> EXERCISE DETAILS
For this exercise, copy all the data exactly and include none of the pictures.

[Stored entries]

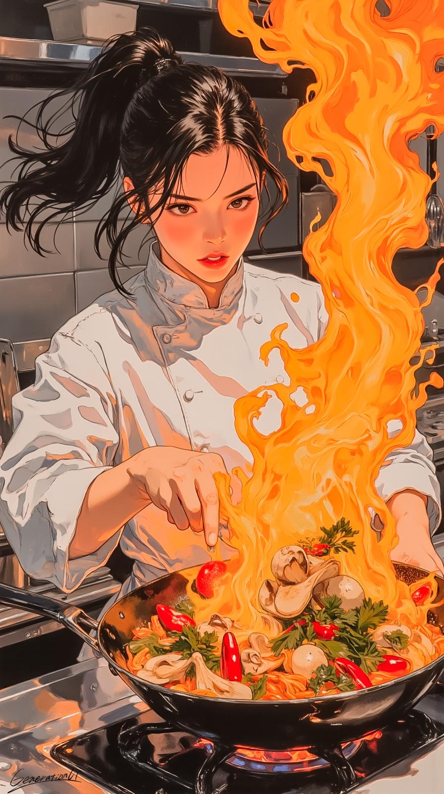 鍋肌で跳ねた油が火に包まれ、スモーキーな香りが一瞬で広がる。
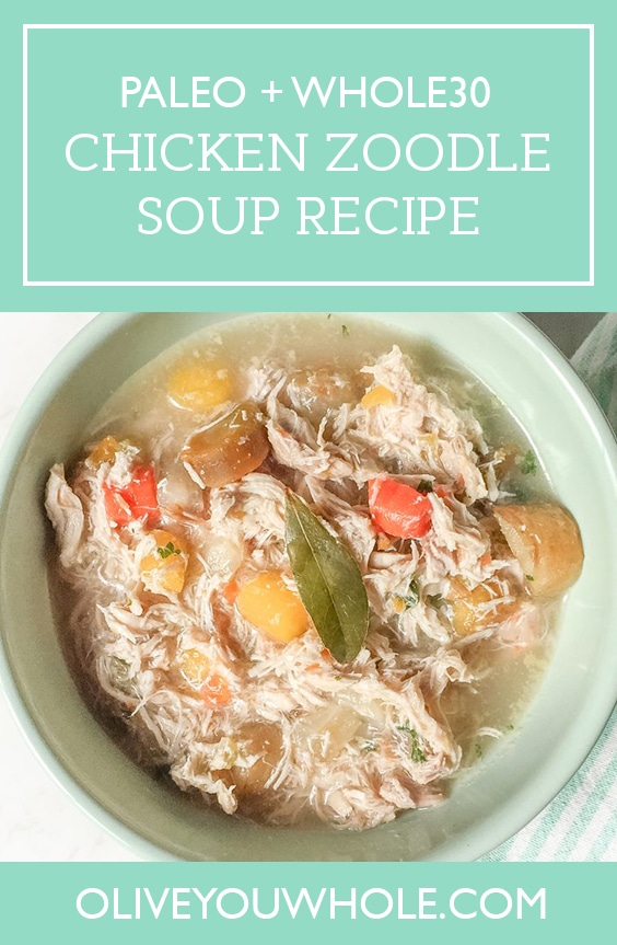 Want to save this Paleo + Whole30 Chicken Zoodle Soup Recipe to make later? Pin it here!
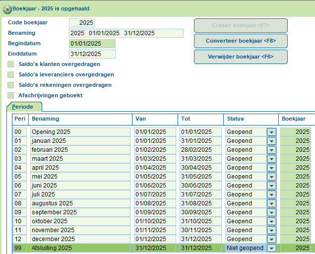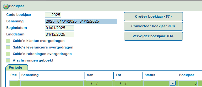 U klikt nu op F7 Creëer boekjaar. Vervolgens plaatst u voor alle periodes de Status op Geopend.
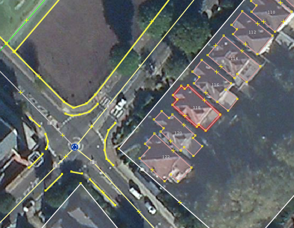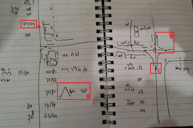 Over the past few years I have developed a short hand for all kinds of things. You can see house numbers (a), how many floors, the colour of the building, the shape and colour of the roof (b), crossings (c) and fences (d) on the extract above.
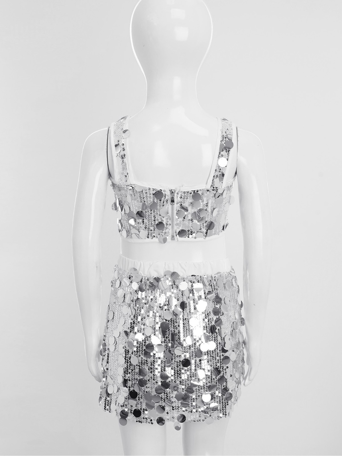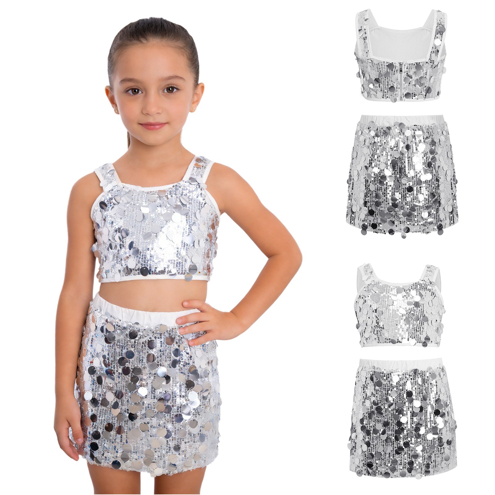Kids Girls Outfit Skirt Set Crop Top Costume Casual Dancewear Straps Shiny Jazz
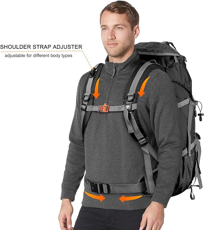 - No Internal Frame - This lightweight & comfortable hiker backpack is specially designed for outdoor enthusiasts. Breathable mesh shoulder straps with plentiful sponge padding help relieve the stress from your shoulder. Widened and thickened S-type shoulder straps and high elastic breathable back support for best ventilation and easing burden, gives you more comfortable experience.
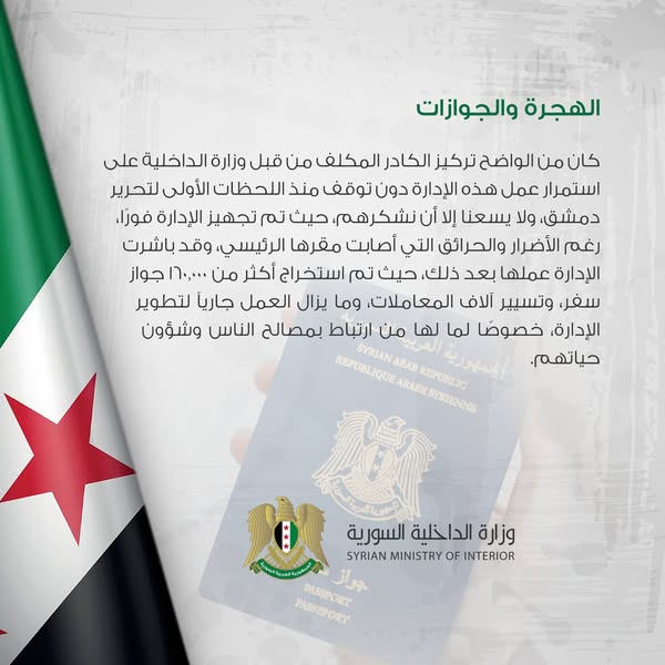 كان من الواضح تركيز الكادر المكلف من قبل وزارة الداخلية على استمرار عمل هذه الإدارة دون توقف منذ اللحظات الأولى لتحرير دمشق، ولا يسعنا إلا أن نشكرهم، حيث تم تجهيز الإدارة فورا رغم الأضرار والحرائق التي أصابت مقرها الرئيسي، وقد باشرت الإدارة عملها بعد ذلك، حيث تم استخراج أكثر من ١٦٠,٠٠٠ جواز سفر، وتسيير آلاف المعاملات، وما يزال العمل جارياً لتطوير الإدارة، خصوصًا لما لها من ارتباط بمصالح الناس وشؤون حياتهم. العربية
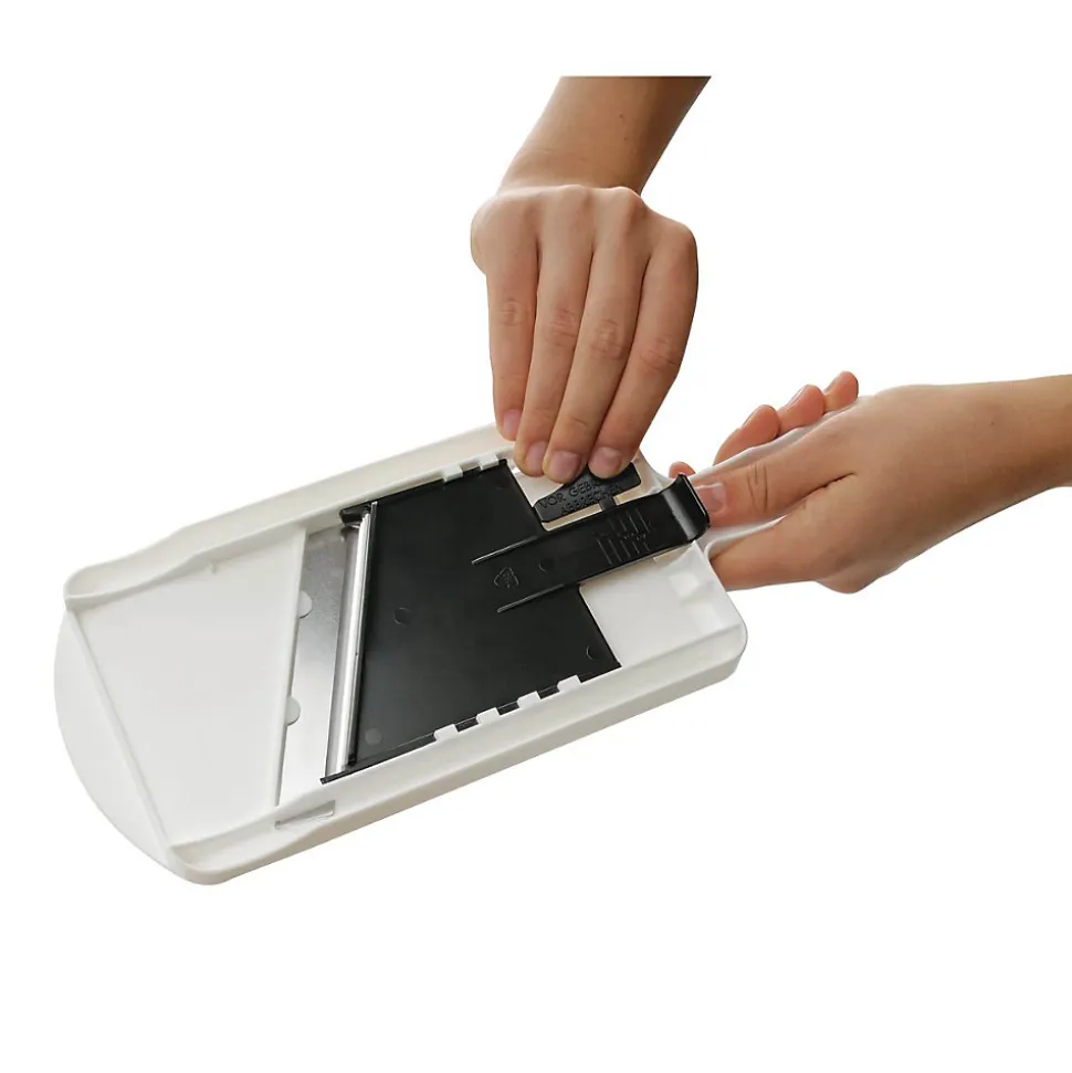 - LE PETIT + : De plus, vous bénéficiez du protège main qui permet de ne pas se couper les doigts et les mains ! Vous pouvez également ajuster la taille de découpe de la mandoline de 1 à 6 mm

> YOUR SOLUTION
 鍋肌で跳ねた油が火に包まれ、スモーキーな香りが一瞬で広がる。
 Want to save this Paleo + Whole30 Chicken Zoodle Soup Recipe to make later? Pin it here!
 U klikt nu op F7 Creëer boekjaar. Vervolgens plaatst u voor alle periodes de Status op Geopend.
 Over the past few years I have developed a short hand for all kinds of things. You can see house numbers (a), how many floors, the colour of the building, the shape and colour of the roof (b), crossings (c) and fences (d) on the extract above.
Kids Girls Outfit Skirt Set Crop Top Costume Casual Dancewear Straps Shiny Jazz
 - No Internal Frame - This lightweight & comfortable hiker backpack is specially designed for outdoor enthusiasts. Breathable mesh shoulder straps with plentiful sponge padding help relieve the stress from your shoulder. Widened and thickened S-type shoulder straps and high elastic breathable back support for best ventilation and easing burden, gives you more comfortable experience.
 كان من الواضح تركيز الكادر المكلف من قبل وزارة الداخلية على استمرار عمل هذه الإدارة دون توقف منذ اللحظات الأولى لتحرير دمشق، ولا يسعنا إلا أن نشكرهم، حيث تم تجهيز الإدارة فورا رغم الأضرار والحرائق التي أصابت مقرها الرئيسي، وقد باشرت الإدارة عملها بعد ذلك، حيث تم استخراج أكثر من ١٦٠,٠٠٠ جواز سفر، وتسيير آلاف المعاملات، وما يزال العمل جارياً لتطوير الإدارة، خصوصًا لما لها من ارتباط بمصالح الناس وشؤون حياتهم. العربية
 - LE PETIT + : De plus, vous bénéficiez du protège main qui permet de ne pas se couper les doigts et les mains ! Vous pouvez également ajuster la taille de découpe de la mandoline de 1 à 6 mm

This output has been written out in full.